The annual depreciation charge for tangible assets and their carrying amount is determined by the estimated useful economic lives and residual values of the assets. The useful economic lives and residual values are re-assessed annually and amended when necessary to reflect current estimates, based on technological advancement, future investments, economic utilisation and the physical condition of the assets. The carrying amount is £5,877,081 ( 2023 - £5,405,605).

Revenue recognition

Turnover represents amounts chargeable, net of value added tax, in respect of rents and service charges.

The company recognises revenue when the amount of revenue can be measured reliably and it is probable that future economic benefits will flow to the entity.

 

Glusburn Holdings Limited

Notes to the Financial Statements for the Year Ended 31 December 2024

Foreign currency transactions and balances

Transactions in foreign currencies are initially recorded at the functional currency rate prevailing at the date of the transaction. Monetary assets and liabilities denominated in foreign currencies are retranslated into the respective functional currency of the entity at the rates prevailing on the reporting period date. Non-monetary items carried at fair value that are denominated in foreign currencies are retranslated at the rate on the date when the fair value is re-measured.

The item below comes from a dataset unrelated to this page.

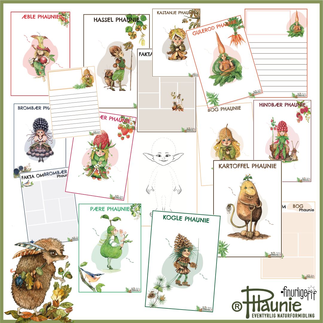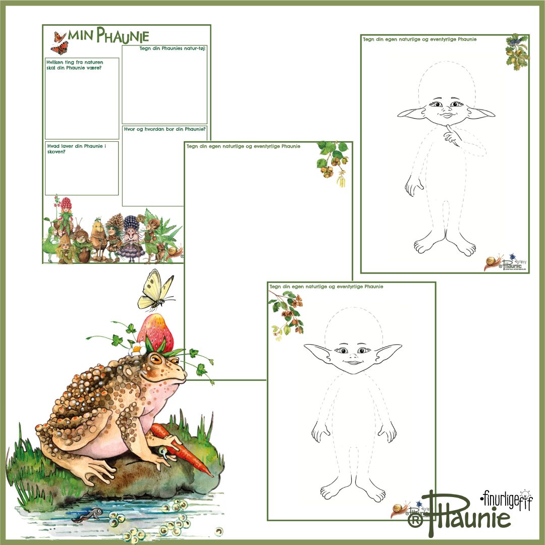 – Lav din egen Phaunie – kreativt materiale hvor eleverne designer deres egen figur med naturinspiration (fx bosted, naturting og liv i skoven)

Non-monetary items measured in terms of historical cost in a foreign currency are not retranslated.

Tax

The tax expense for the period comprises current and deferred tax. Tax is recognised in profit or loss, except that a change attributable to an item of income or expense recognised as other comprehensive income is also recognised directly in other comprehensive income.

The current income tax charge is calculated on the basis of tax rates and laws that have been enacted or substantively enacted by the reporting date in the countries where the company operates and generates taxable income.

Deferred tax is recognised in respect of all timing differences between taxable profits and profits reported in the financial statements.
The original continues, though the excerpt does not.